[[ GIVEN DATA open ]]

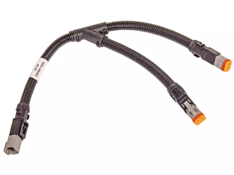2-napainen liitosjohto suojaputkella, Deutsch DT 2P Y-haara. Esim. kahdelle työvalolle, valojen max. etäisyys 320mm. Johdon pituus 360mm ennen haaraa.
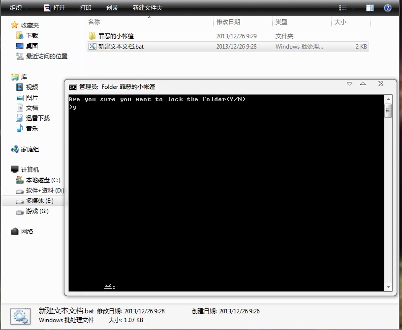 第三步,把TXT文本格式改成bat格式,運行,就會出現一個叫“罪惡的小帳篷”的文件夾。
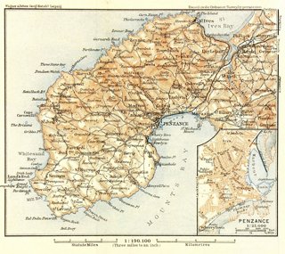 Old Map Of Cornwall England

[[ GIVEN DATA closed ]]

DIRECTIONS FOR THIS TASK: Every line of the listing should be repeated exactly; no picture should appear.

EXERCISE SOLUTION:
2-napainen liitosjohto suojaputkella, Deutsch DT 2P Y-haara. Esim. kahdelle työvalolle, valojen max. etäisyys 320mm. Johdon pituus 360mm ennen haaraa.
 第三步,把TXT文本格式改成bat格式,運行,就會出現一個叫“罪惡的小帳篷”的文件夾。
 Old Map Of Cornwall England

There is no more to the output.